Cameron sets out his stall

Brexit card is played and the intense discussion phase begins

There's a quality of smoke and mirrors to David Cameron's letter to European Council President Donald Tusk, ostensibly something for everyone, but less than meets the eye. On closer study a low level of ambition that will frustrate the UK's angry eurosceptics. "Thin gruel," was how one put it. In essence the British prime minister was saying to other member states that he wishes the UK to stay in the EU and just needs a bit of help crafting a sellable package of symbolic changes to the UK-EU relationship. Not, please note, the "transformation" of the relationship of which he previously spoke.

The well-flagged demand for a British opt-out from long-standing EU treaty ambition for “ever closer union” is a case in point. Try as they may, lawyers will find it difficult to show how the aspiration imposes any concrete obligation on the UK at the moment – any more than a written opt-out would relieve it of the same. But perhaps the voters might be persuaded otherwise.

The idea that the Union is a multispeed organism, in which flexibility is inherent, and which has the possibility of differing currency or justice regimes has been firmly established in the last two if not three treaties. Cameron wants it reaffirmed and the Union as a whole both to re-acknowledge the UK’s opt-outs and to promise not to do anything to interfere with them. And he wants reaffirmation of commitments to subsidiarity and competitiveness. Fair enough.

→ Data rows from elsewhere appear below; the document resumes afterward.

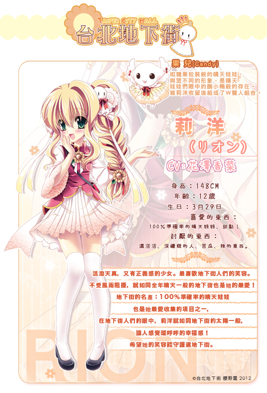 地下街形象人物「莉洋」是為了慶祝台北地下街 12 週年所全新設計的形象人物。而替「莉洋」配音的聲優,則是跨海邀請到日本知名聲優「花澤香菜」擔任。花澤香菜曾演出多位知名角色,包括《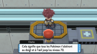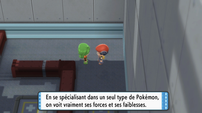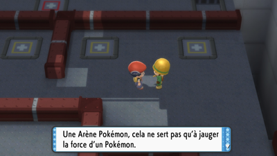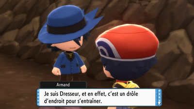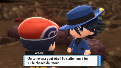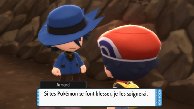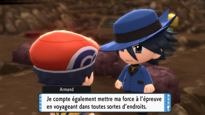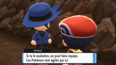 Remontez et prenez les escaliers à gauche. Vous faites alors la connaissance avec un certain Armand, dresseur de Pokémon tout comme vous. Il souhaite faire équipe avec vous pour s'entraîner (il soignera vos Pokémon s'ils sont mal en point).
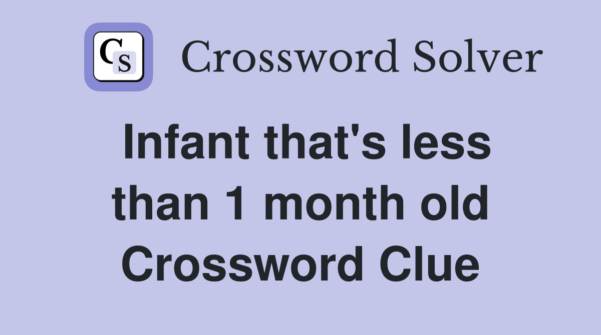 Infant that #39 s less than 1 month old Crossword Clue Answers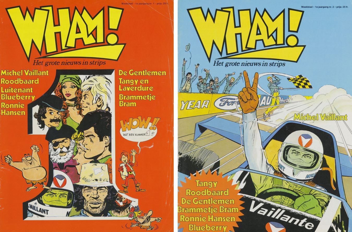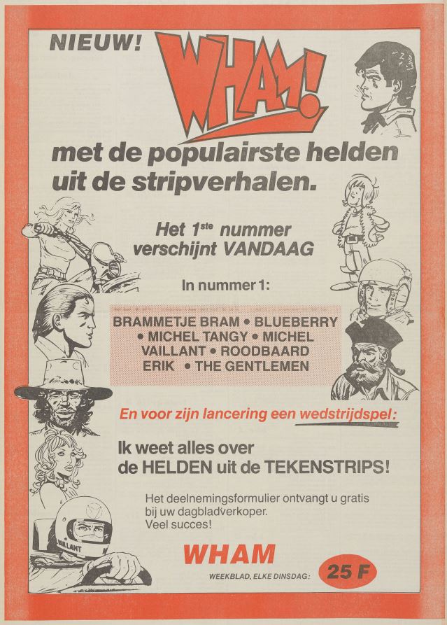Het eerste nummer van Wham!, waarvan de voornaamste doelgroep de jeugd van 9 tot 14 jaar was, verscheen op 13 februari 1979. Aan ambitie geen gebrek: de top van de Belgische en Franse stripwereld werkte mee aan het blad. In het eerste nummer alleen al vond de lezer werk van onder anderen Jean Giraud (Blueberry), Jean Graton (Michel Vaillant), Eddy Ryssack (Brammetje Bram), Jijé (Roodbaard, Tangy en Laverdure), Guy Bara (De steen-vreters) en Raymond Reding (Ronnie Hansen). Scenarist Jean-Michel Charlier (die zowel Blueberry, Roodbaard en Tangy en Laverdure schrijft) was de centrale figuur van Wham!, dat hij in zijn voorwoord ‘het eerste Europese stripblad’ noemde. Gelijktijdig met de Vlaamse Wham! verscheen het tijdschrift immers ook in Nederland (eveneens als Wham!), Frankrijk en Franstalig België (Super As/Super J) en Duitsland, waar de oorsprong van het initiatief lag het blad als Zack al sinds 1972 liep.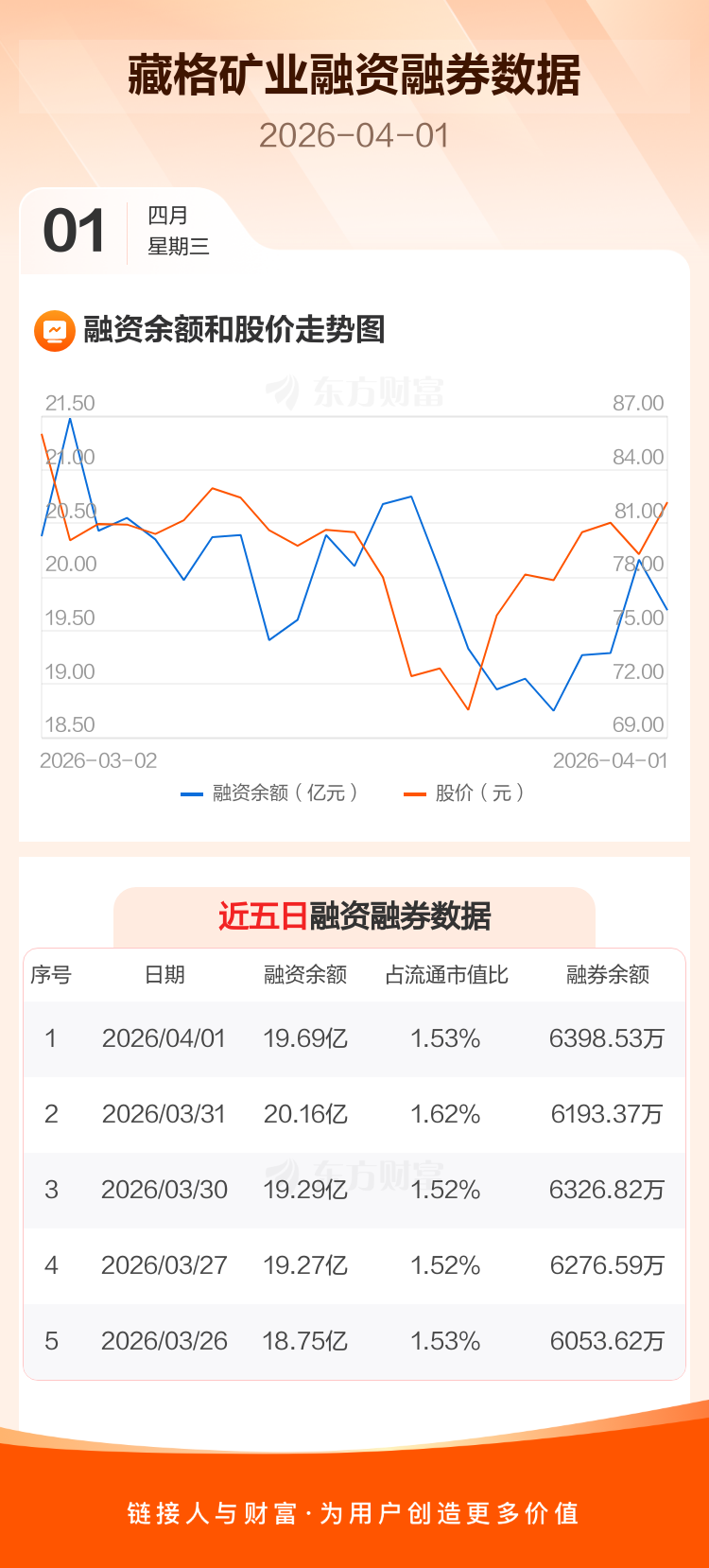 交易所最新数据显示,藏格矿业于2026年4月1日获融资买入9821.42万元,融资偿还1.45亿元,当日融资净偿还4702.36万元。目前,该股融资余额19.69亿,占流通市值比例为1.53%。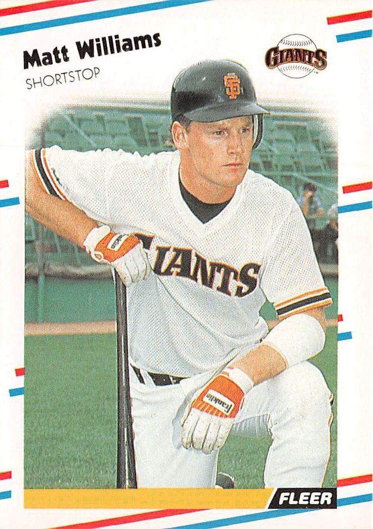 Other key rookie cards in the 1988 Fleer Baseball set include: 101 Matt Williams, 212 Roberto Kelly, 378 Edgar Martinez, 407 Jack McDowell, 441 Ken Caminiti, 538 Ron Gant, 539 Tom Glavine, and 569 Bill Ripken.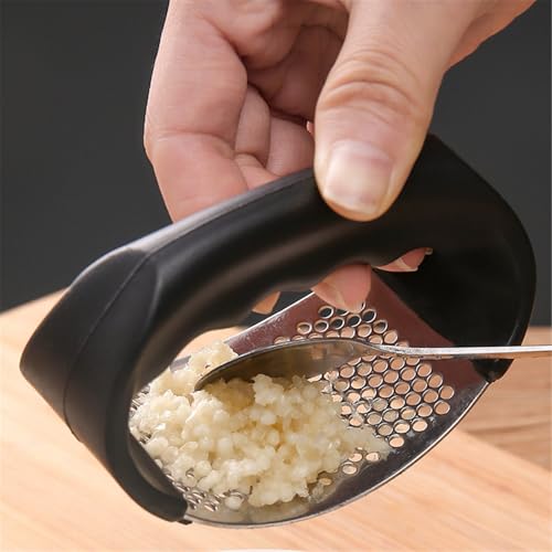 - Experience the easiest way to mince garlic. Our innovative rocker design requires just a gentle back-and-forth rocking motion to crush cloves completely, eliminating the need for forceful pressing. The ergonomic handles provide superior leverage and comfort, making it for users of all strength levels. Transform whole garlic into fine mince in seconds without any strain on your hands or wrists., Built to last a lifetime with high-quality, food-grade stainless steel. This material ensures exceptional durability, resists rust and corrosion, and will not absorb odors or flavors. Unlike cheaper aluminum or plastic presses, our sturdy construction guarantees safe contact with your food and withstands daily use without bending or breaking, making it a reliable kitchen companion., The uniquely curved, arc-shaped pressing chamber is designed for maximum efficiency. After mincing, simply use the included cleaning tool or a spoon to effortlessly scrape every bit of minced garlic from the smooth interior surface. This thoughtful design ensures you get all the flavorful garlic paste without waste, saving money and ingredients over time., Cleaning is quick and simple. Rinse the press under running water; the optimally sized holes prevent clogging and allow pulp to rinse out easily. Its compact and sleek design takes up minimal drawer space. The smooth surfaces and lack of complex mechanisms mean no trapped food particles, promoting better kitchen hygiene and convenience., Beyond garlic, this press is ideal for mincing ginger, crushing nuts, making pastes from small onions or shallots, and even creating herb-infused oils. Keep your hands clean and odor-free while speeding up meal prep. It’s an indispensable tool for home cooks and professional chefs alike, enhancing flavor and efficiency in every dish you create.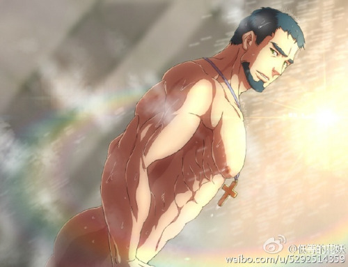 Here’s a preview of some artwork from an upcoming chapter of the bara RPG The End of Dreams, by Studio HANA. The gentleman above is named Kururwach, a man of the cloth (when he’s wearing cloth), and a potential new party member. Just how Kevin & co. will encounter this soaking, saintly stud is still a mystery, so we’ll just have to wait and see what happens!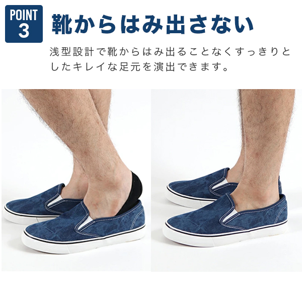 浅型設計で靴からはみ出ることなくすっきりとしたキレイな足元を演出できます。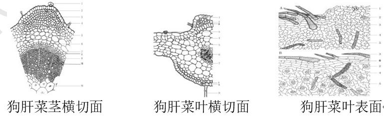 火炭母根横切面墨线图 火炭母茎横切面墨线图 火炭母叶横切面墨线图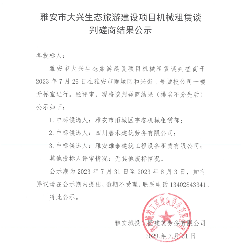 雅安市大興生態(tài)旅游建設(shè)項目機(jī)械租賃談判磋商結(jié)果公示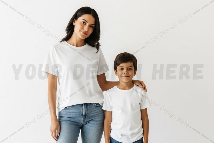 Child Family T-shirt Mockup Woman Jeans Shorts White T-shirt Casual Wear Plain Background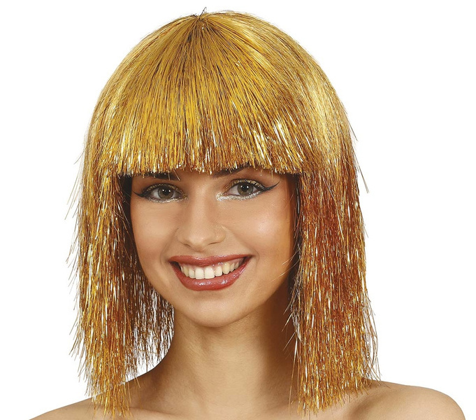 Peruka w kolorze złotym z prostą grzywką.

Such aspirations, if helpful to Cameron, may be accommodated reasonably straightforwardly by most of his partners. And there is an undoubted willingness to go some of that distance, as Taoiseach Enda Kenny promised in London on Monday; "insofar as we can, we will be constructive and supportive in respect of what the prime minister has been asking for". Brexit is "a major risk", says Kenny, and it is in our interest and that of the EU and of Britain, that the latter's membership be preserved.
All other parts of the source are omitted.